Could you transcribe every record below exactly, leaving out the pictures?

------ INFORMATION SUPPLIED ------

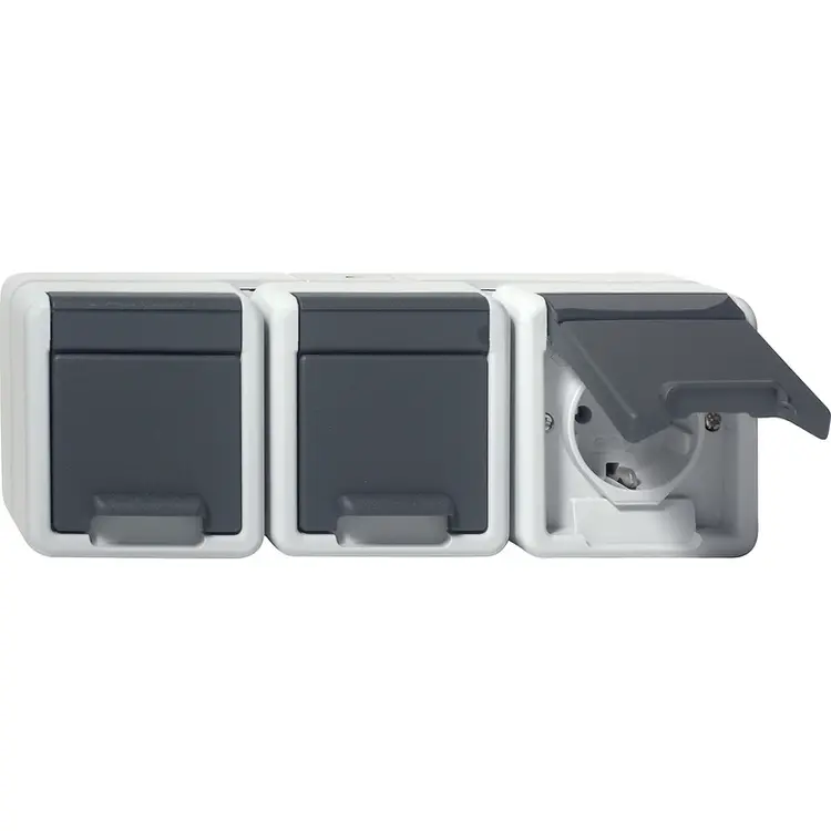 Gira wandcontactdoos randaarde 3-voudig horizontaal klapdeksel opbouw IP44 (478930)
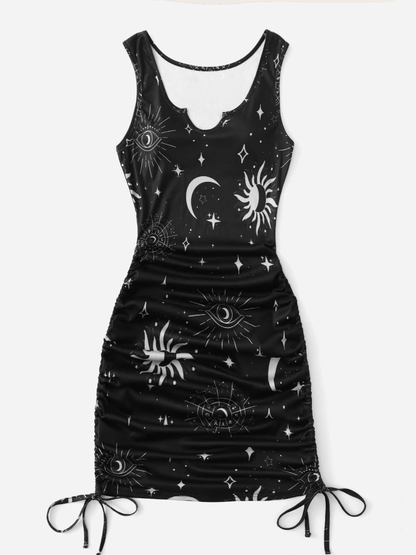 Sun & Moon Graphic Drawstring Ruched Dress
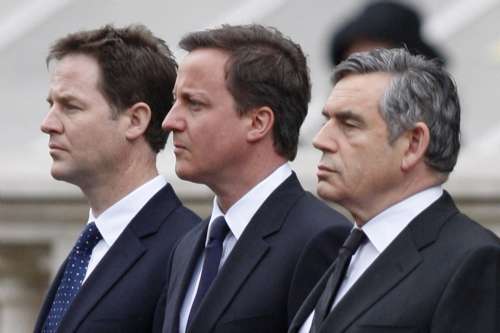 自民黨黨魁克萊格(左)、保守黨黨魁卡梅倫(中)及英國(guó)首相布朗三人正在為組閣問題而博弈。(資料圖)
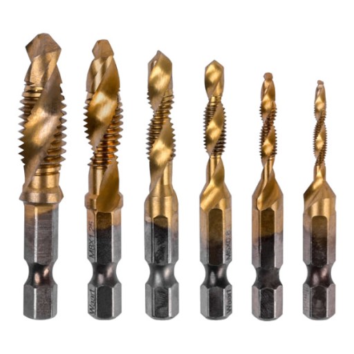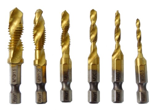 Solidny zestaw wierteł gwintujących wykonanych ze stali szybkotnącej HSS. Wyposażone w sześciokątny uchwyt typu quick change HEX. Są to gwintowniki z funkcją wiercenia - mogą służyć jednocześnie do wiercenia otworu i nacinania nowych gwintów, które zapewniają płynne gwintowanie.
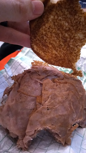 When my sandwich comes out, I smile and say thank you to the lady who handed the food to me. I look inside the bag, and ask her if I can please get some napkins. With all the warmth and kindness of a military drill sergeant, she jerks her arm up into the air , and to the corner of the room, and tell me “over there “in a very sharp and ugly tone.
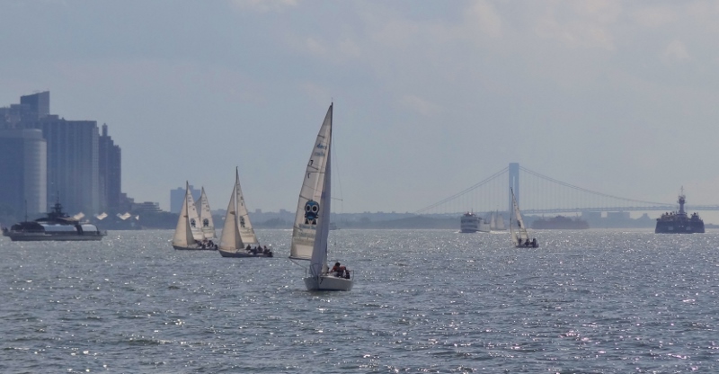 Lower Hudson closing in on Miss Liberty- sailing club, tour and dinner boat (far left), ferry and tug & barge
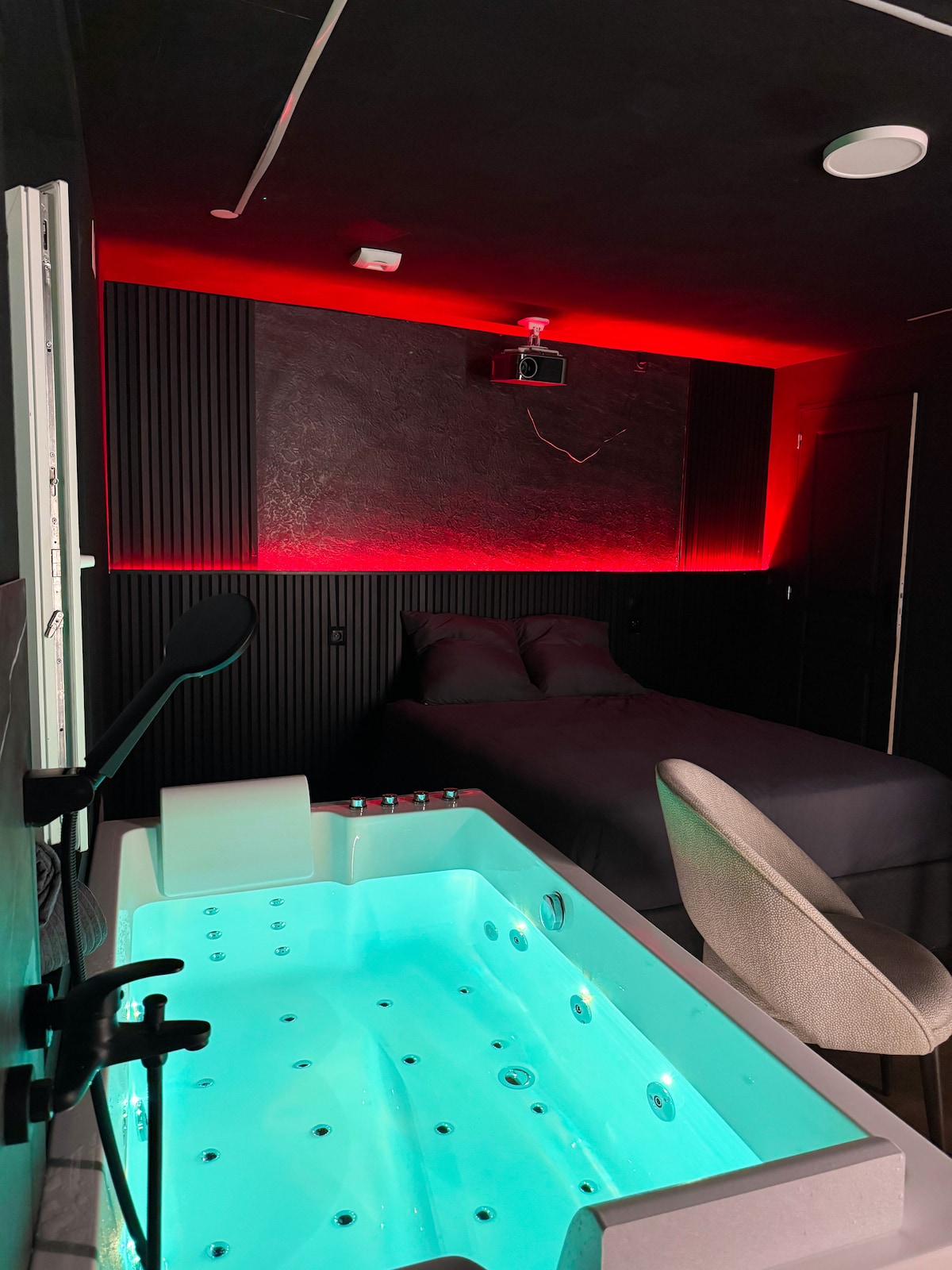 💫 Profitez d’un espace bien-être privé comprenant un jacuzzi SPA, une balnéo, un sauna et une double douche à l’italienne. Plongez dans une atmosphère feutrée grâce aux lumières LED modulables, installez-vous face à l’écran du vidéoprojecteur cinéma et savourez un film depuis le lit king-size. 🎱 Pour prolonger l’expérience, un billard et une table de ping-pong vous attendent pour un moment ludique à deux.

------

### OUTPUT OF THE TASK
 Gira wandcontactdoos randaarde 3-voudig horizontaal klapdeksel opbouw IP44 (478930)
 Sun & Moon Graphic Drawstring Ruched Dress
 自民黨黨魁克萊格(左)、保守黨黨魁卡梅倫(中)及英國(guó)首相布朗三人正在為組閣問題而博弈。(資料圖)
 Solidny zestaw wierteł gwintujących wykonanych ze stali szybkotnącej HSS. Wyposażone w sześciokątny uchwyt typu quick change HEX. Są to gwintowniki z funkcją wiercenia - mogą służyć jednocześnie do wiercenia otworu i nacinania nowych gwintów, które zapewniają płynne gwintowanie.
 When my sandwich comes out, I smile and say thank you to the lady who handed the food to me. I look inside the bag, and ask her if I can please get some napkins. With all the warmth and kindness of a military drill sergeant, she jerks her arm up into the air , and to the corner of the room, and tell me “over there “in a very sharp and ugly tone.
 Lower Hudson closing in on Miss Liberty- sailing club, tour and dinner boat (far left), ferry and tug & barge
 💫 Profitez d’un espace bien-être privé comprenant un jacuzzi SPA, une balnéo, un sauna et une double douche à l’italienne. Plongez dans une atmosphère feutrée grâce aux lumières LED modulables, installez-vous face à l’écran du vidéoprojecteur cinéma et savourez un film depuis le lit king-size. 🎱 Pour prolonger l’expérience, un billard et une table de ping-pong vous attendent pour un moment ludique à deux.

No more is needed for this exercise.